#### LISTED ENTRIES:
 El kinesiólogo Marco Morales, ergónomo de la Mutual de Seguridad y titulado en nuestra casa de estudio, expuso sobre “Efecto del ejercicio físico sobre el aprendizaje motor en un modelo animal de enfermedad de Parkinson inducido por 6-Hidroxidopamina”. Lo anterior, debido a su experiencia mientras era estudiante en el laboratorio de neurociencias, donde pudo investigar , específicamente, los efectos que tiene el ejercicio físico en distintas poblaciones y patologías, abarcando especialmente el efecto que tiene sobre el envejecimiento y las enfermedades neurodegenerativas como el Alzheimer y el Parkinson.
...
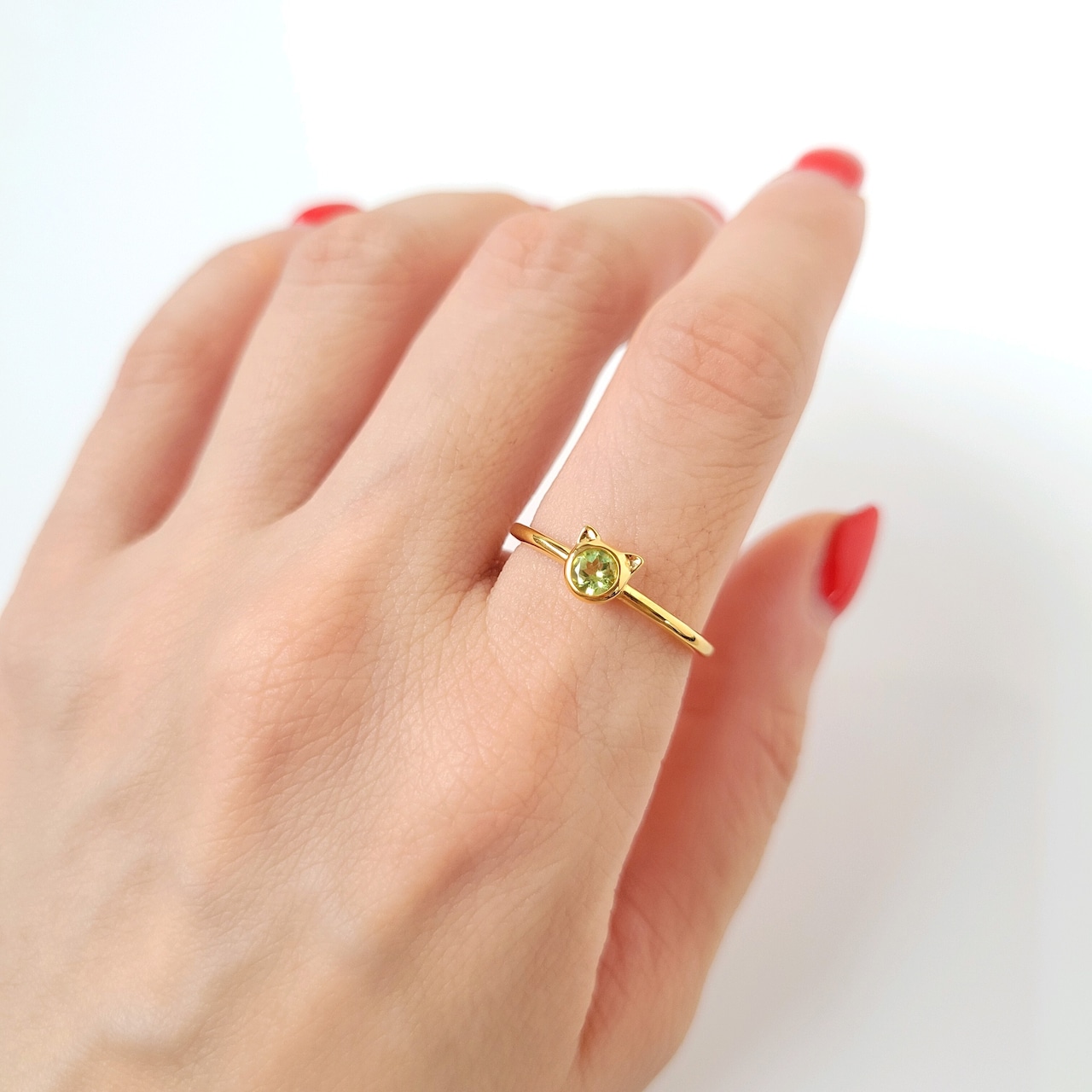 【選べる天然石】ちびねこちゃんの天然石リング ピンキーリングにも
* * *
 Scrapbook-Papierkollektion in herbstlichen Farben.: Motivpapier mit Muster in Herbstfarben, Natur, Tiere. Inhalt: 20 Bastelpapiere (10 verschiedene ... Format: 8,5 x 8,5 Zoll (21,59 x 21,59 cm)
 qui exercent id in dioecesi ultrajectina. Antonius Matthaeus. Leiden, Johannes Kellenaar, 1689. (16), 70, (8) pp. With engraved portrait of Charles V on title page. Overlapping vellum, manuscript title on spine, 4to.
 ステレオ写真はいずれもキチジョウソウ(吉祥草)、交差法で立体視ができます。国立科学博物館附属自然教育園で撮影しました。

#### TRY IT:
Reprint exactly the lines above that start at the one with "qui exercent id" and end at the one with "ステレオ写真はいずれもキチジ", keeping both and adding none.

#### WRITTEN SOLUTION:
 qui exercent id in dioecesi ultrajectina. Antonius Matthaeus. Leiden, Johannes Kellenaar, 1689. (16), 70, (8) pp. With engraved portrait of Charles V on title page. Overlapping vellum, manuscript title on spine, 4to.
 ステレオ写真はいずれもキチジョウソウ(吉祥草)、交差法で立体視ができます。国立科学博物館附属自然教育園で撮影しました。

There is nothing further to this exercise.